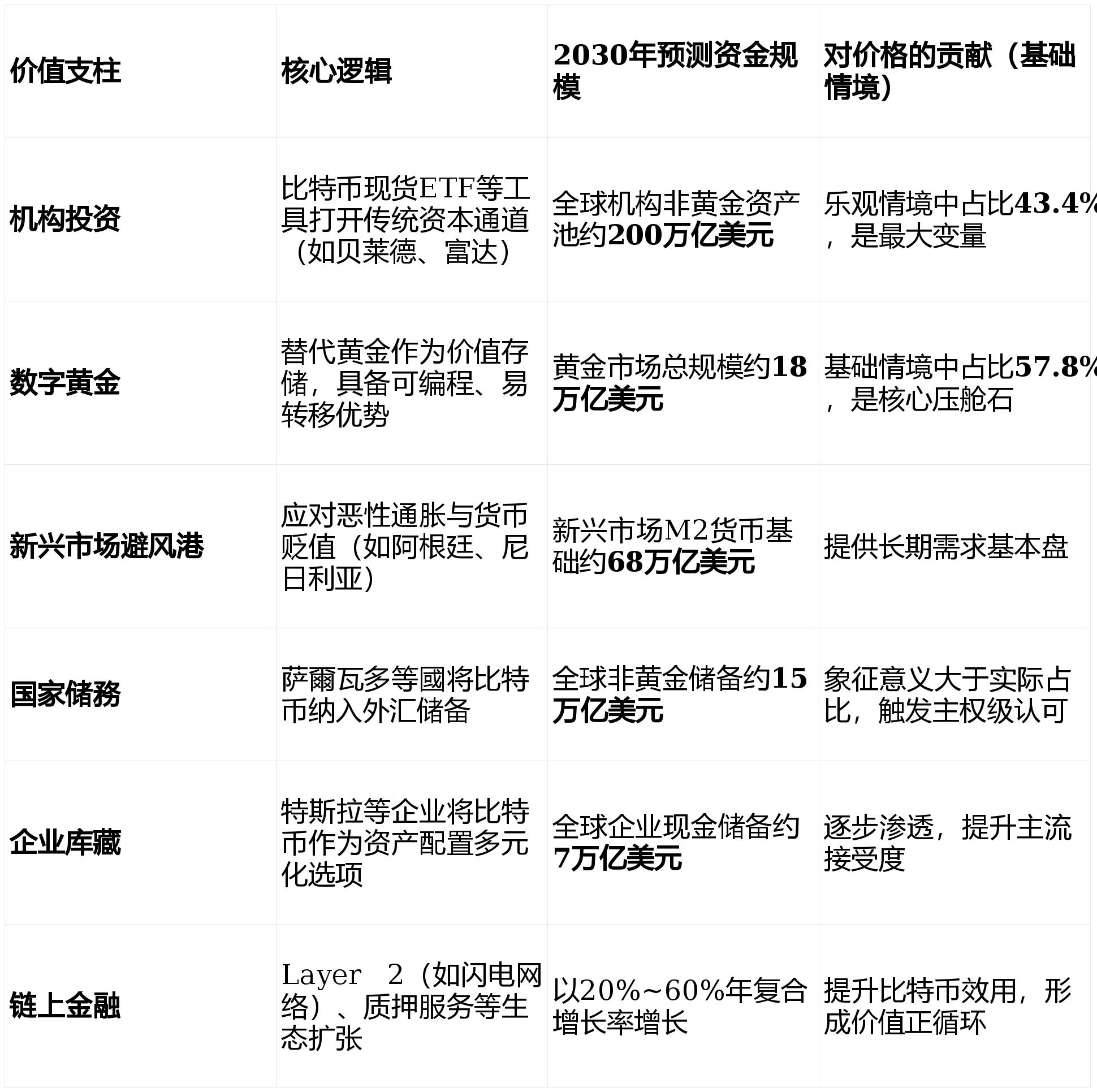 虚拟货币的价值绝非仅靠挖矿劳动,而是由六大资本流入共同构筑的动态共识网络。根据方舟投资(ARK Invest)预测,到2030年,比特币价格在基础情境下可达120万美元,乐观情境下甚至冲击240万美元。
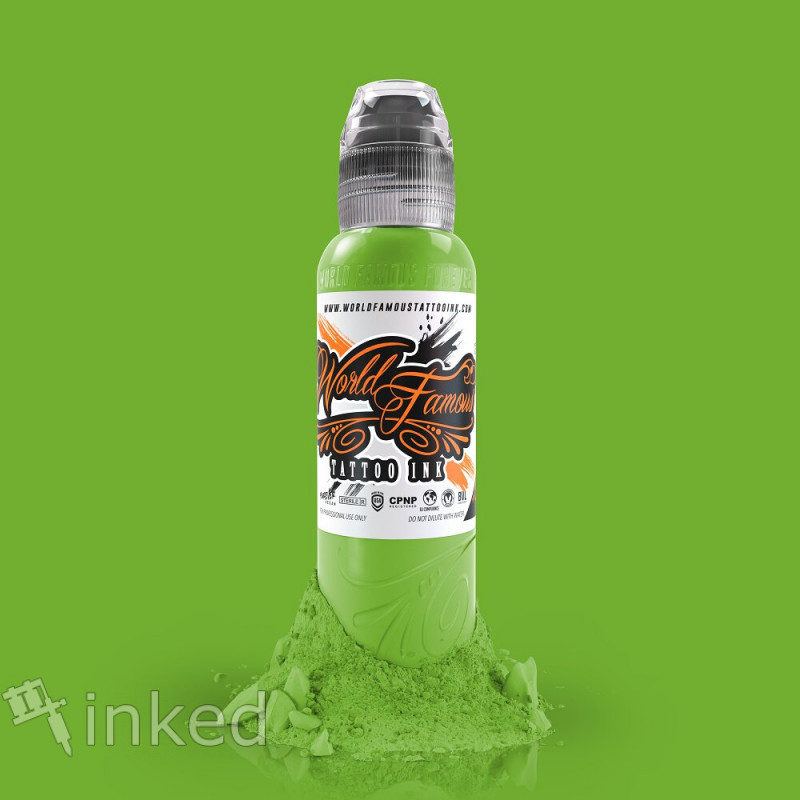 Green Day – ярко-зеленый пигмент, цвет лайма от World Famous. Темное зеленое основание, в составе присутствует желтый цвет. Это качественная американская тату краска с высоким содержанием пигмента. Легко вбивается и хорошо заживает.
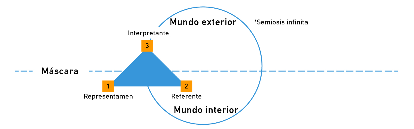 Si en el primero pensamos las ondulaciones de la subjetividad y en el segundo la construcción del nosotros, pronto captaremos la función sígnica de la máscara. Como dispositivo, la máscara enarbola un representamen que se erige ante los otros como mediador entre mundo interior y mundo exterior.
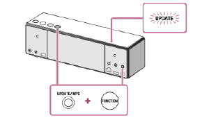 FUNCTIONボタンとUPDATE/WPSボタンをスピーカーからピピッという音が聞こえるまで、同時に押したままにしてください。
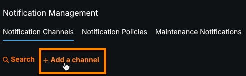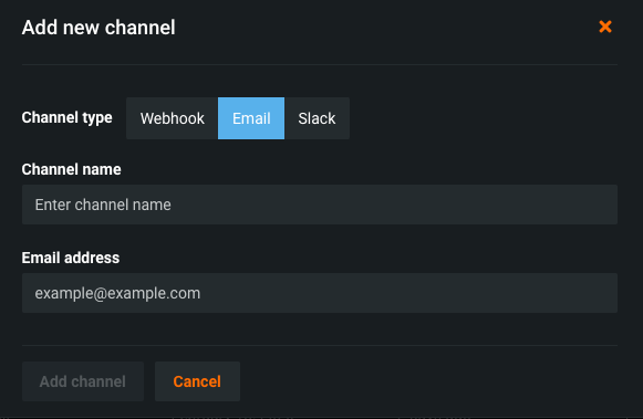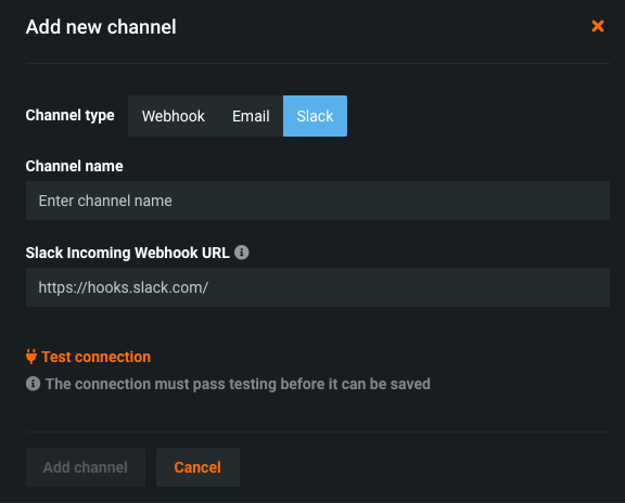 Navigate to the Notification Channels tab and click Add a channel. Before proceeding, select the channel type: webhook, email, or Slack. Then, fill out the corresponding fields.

* * *

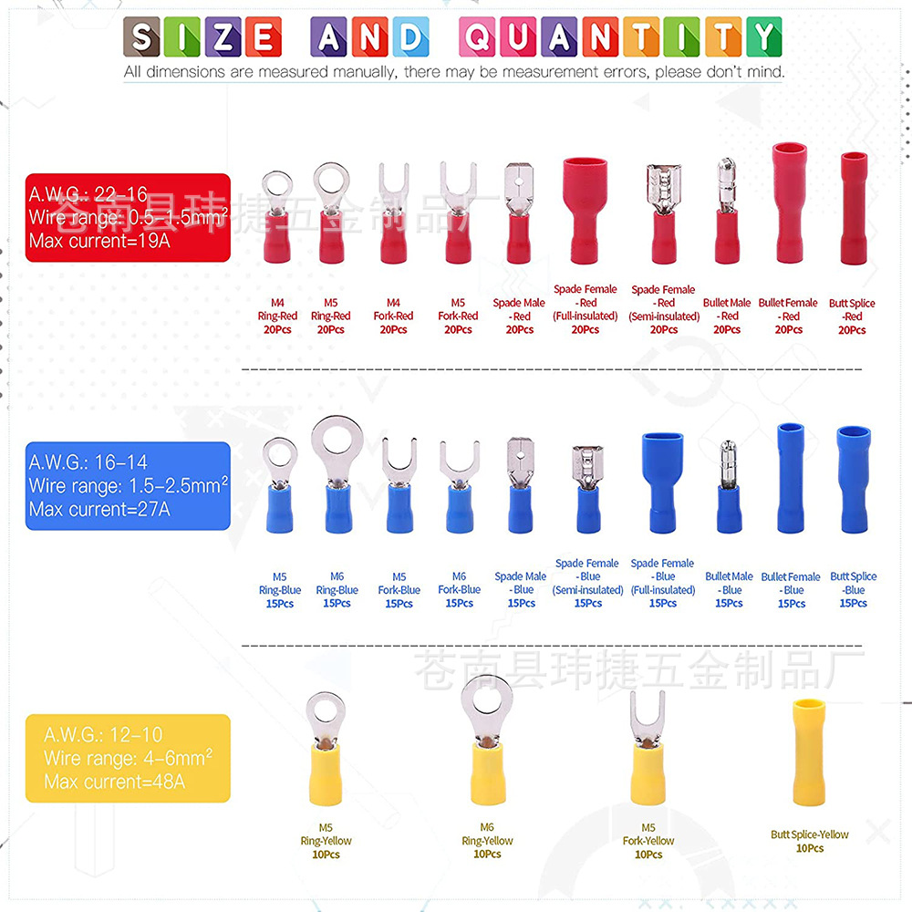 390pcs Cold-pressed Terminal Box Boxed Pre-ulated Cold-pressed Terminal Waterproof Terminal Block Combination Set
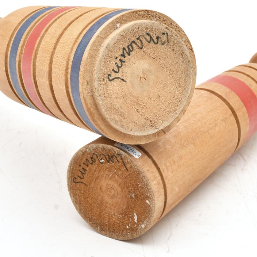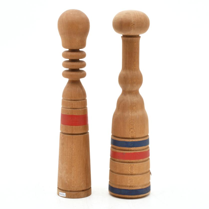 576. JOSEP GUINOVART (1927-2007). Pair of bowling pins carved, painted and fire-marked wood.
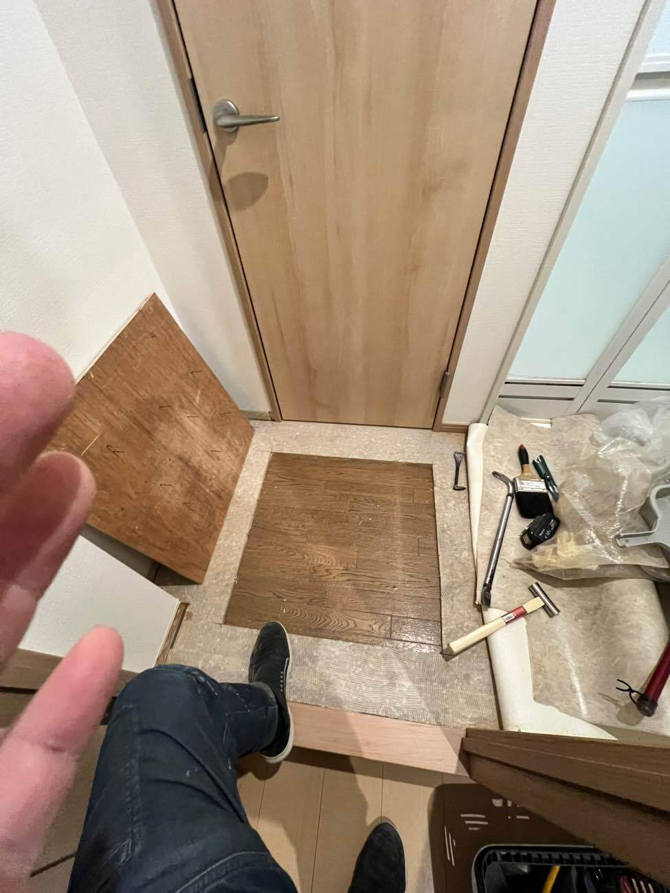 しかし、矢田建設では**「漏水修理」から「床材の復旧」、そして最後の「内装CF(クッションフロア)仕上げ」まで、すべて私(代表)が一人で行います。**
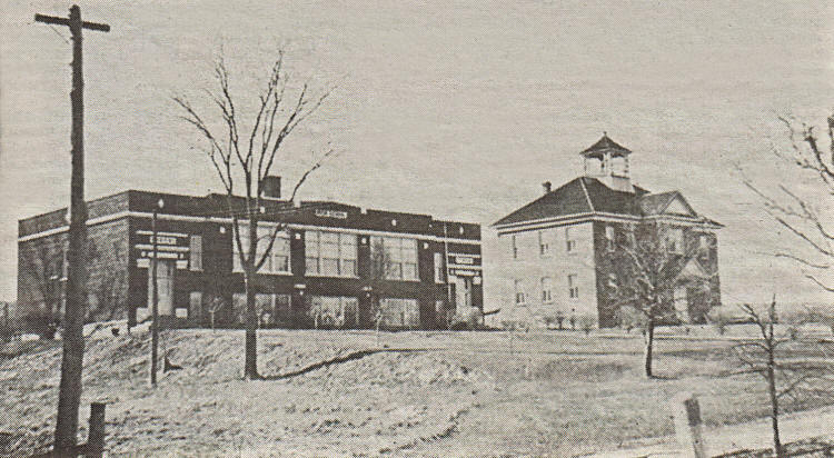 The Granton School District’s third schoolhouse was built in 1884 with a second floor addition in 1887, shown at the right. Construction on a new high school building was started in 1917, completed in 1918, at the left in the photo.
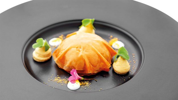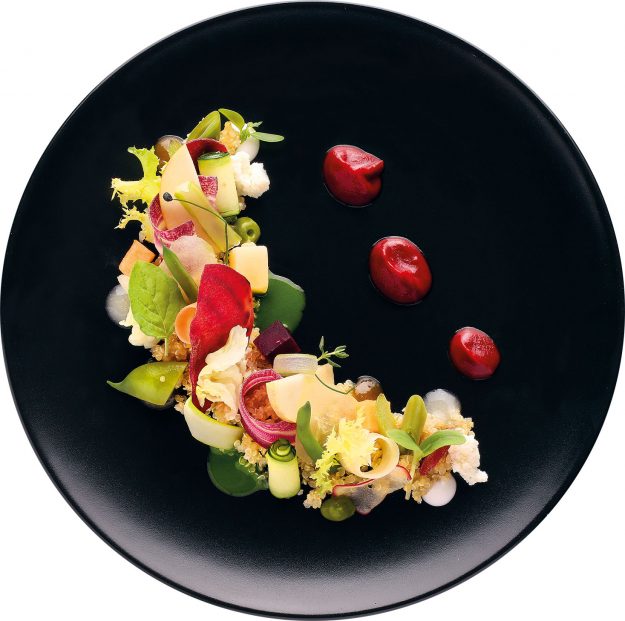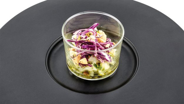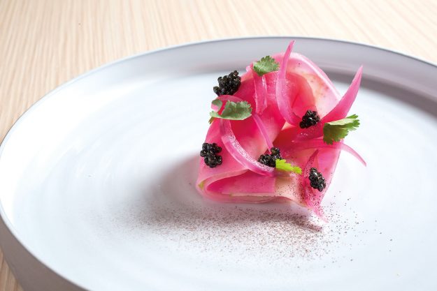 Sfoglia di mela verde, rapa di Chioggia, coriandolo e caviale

• Problem:
Only one part of the listing is wanted: the lines from the one containing "Green Day –" through the one containing "Navigate to the", both included. Please transcribe it exactly, leaving out the pictures.

• Result of this task:
 Green Day – ярко-зеленый пигмент, цвет лайма от World Famous. Темное зеленое основание, в составе присутствует желтый цвет. Это качественная американская тату краска с высоким содержанием пигмента. Легко вбивается и хорошо заживает.
 Si en el primero pensamos las ondulaciones de la subjetividad y en el segundo la construcción del nosotros, pronto captaremos la función sígnica de la máscara. Como dispositivo, la máscara enarbola un representamen que se erige ante los otros como mediador entre mundo interior y mundo exterior.
 FUNCTIONボタンとUPDATE/WPSボタンをスピーカーからピピッという音が聞こえるまで、同時に押したままにしてください。
 Navigate to the Notification Channels tab and click Add a channel. Before proceeding, select the channel type: webhook, email, or Slack. Then, fill out the corresponding fields.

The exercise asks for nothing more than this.